Monday night brought new unrest and more fingerprint cards for the harried ID techs. Cruising in caravans in San Diego and the city of El Cajon, drag racers taunted police with games of “motorized tag.” Another one hundred people were arrested. Some were charged with disorderly conduct, others with weapons charges. More than thirty juveniles were picked up for curfew violation.

On Wednesday, the twenty-fourth, the police arrested a printer named Herbert Sturdyvin, age twenty, on suspicion of conspiracy in the printing and distribution of the mimeographed flyers police blamed for the mass demonstration on Sunday. Sturdyvin was released without bail and never charged. The following weekend, San Diego police braced for new disorder rumored to be stirred from sympathizers coming from Los Angeles. The demonstrations failed to materialize.

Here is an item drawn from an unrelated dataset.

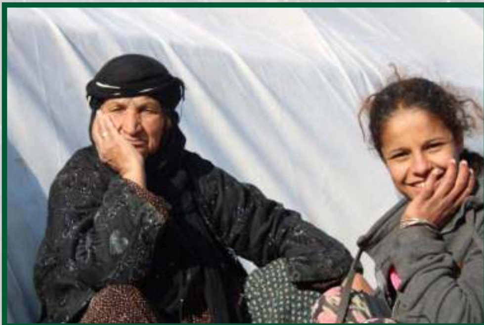
Refugees from Serêkaniyê in Washokani camp

Reports of war crimes against women and gender based violence in the occupied cities are released every day. According to data received by the Human Rights Organisation of the Cizire Region, many women were abducted from the regions of Serekaniye and Girê Spî and women in the city were forced to wear black niqabs.

In the wake of the riot, new demands were heard in the community for an authorized drag strip. The San Diego City Council promised to appoint a committee to “study the possibilities.” The president of the National Hot Rod Association pledged help from his organization in getting an official strip but insisted that local enthusiasts would have to “reform” their conduct.

Municipal court judges dismissed most of the cases of the rioting teenagers in the following weeks. Charges of police brutality enlivened some of the court hearings. Radio DJ Dick Boynton testified that people had been struck in the head by tear gas grenades and that young teenagers were clubbed by policemen. The department vigorously denied the charges.

Eventually, the campaign for a drag strip was rewarded. The San Diego Raceway opened in Ramona in 1963 and operated for several years until it became a runway for the Ramona Airport. Carlsbad Raceway opened in 1964 and hosted drag racing until the track closed in 2004.